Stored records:
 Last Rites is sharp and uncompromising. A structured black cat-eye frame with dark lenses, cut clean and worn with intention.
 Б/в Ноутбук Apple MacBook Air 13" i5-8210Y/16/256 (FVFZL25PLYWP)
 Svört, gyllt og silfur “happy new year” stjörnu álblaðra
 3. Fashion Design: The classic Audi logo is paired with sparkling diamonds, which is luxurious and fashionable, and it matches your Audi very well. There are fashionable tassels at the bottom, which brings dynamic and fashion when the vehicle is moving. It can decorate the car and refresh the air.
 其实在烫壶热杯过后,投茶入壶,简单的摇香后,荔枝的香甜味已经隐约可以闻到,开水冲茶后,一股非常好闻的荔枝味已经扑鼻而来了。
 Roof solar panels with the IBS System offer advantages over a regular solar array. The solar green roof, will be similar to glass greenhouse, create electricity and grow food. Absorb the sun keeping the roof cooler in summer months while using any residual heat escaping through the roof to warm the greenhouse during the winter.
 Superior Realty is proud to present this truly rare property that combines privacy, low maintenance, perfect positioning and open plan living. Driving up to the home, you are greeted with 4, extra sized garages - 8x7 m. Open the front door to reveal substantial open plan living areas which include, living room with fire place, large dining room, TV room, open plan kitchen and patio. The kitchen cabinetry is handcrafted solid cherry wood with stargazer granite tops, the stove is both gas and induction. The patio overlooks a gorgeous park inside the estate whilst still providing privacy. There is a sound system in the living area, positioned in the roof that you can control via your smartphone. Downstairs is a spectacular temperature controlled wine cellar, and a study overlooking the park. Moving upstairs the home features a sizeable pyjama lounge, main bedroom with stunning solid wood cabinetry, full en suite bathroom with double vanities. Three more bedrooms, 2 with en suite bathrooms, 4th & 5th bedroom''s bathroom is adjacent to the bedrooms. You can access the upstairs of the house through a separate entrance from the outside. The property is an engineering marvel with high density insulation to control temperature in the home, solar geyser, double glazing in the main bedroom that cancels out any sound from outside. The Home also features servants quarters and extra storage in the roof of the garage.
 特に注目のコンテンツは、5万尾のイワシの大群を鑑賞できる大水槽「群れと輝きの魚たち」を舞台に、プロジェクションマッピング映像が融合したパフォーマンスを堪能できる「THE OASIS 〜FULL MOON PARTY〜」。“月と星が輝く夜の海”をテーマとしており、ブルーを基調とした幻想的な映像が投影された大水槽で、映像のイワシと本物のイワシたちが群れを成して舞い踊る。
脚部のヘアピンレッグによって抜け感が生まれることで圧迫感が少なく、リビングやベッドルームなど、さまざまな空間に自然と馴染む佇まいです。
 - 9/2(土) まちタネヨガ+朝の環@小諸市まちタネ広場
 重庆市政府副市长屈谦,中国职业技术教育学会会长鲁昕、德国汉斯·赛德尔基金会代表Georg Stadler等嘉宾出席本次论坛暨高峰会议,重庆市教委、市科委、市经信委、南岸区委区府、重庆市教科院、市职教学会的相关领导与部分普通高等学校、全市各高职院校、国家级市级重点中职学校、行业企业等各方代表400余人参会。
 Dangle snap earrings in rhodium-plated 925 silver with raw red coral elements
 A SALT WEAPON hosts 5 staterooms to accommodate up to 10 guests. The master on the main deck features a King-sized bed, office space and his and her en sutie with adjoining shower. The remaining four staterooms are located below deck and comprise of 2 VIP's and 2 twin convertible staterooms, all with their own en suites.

Exercise objective: Please print, exactly and with nothing else, the lines from the first line of the entries through the line containing "其实在烫壶热杯过后,投茶入壶".

Result of this task:
 Last Rites is sharp and uncompromising. A structured black cat-eye frame with dark lenses, cut clean and worn with intention.
 Б/в Ноутбук Apple MacBook Air 13" i5-8210Y/16/256 (FVFZL25PLYWP)
 Svört, gyllt og silfur “happy new year” stjörnu álblaðra
 3. Fashion Design: The classic Audi logo is paired with sparkling diamonds, which is luxurious and fashionable, and it matches your Audi very well. There are fashionable tassels at the bottom, which brings dynamic and fashion when the vehicle is moving. It can decorate the car and refresh the air.
 其实在烫壶热杯过后,投茶入壶,简单的摇香后,荔枝的香甜味已经隐约可以闻到,开水冲茶后,一股非常好闻的荔枝味已经扑鼻而来了。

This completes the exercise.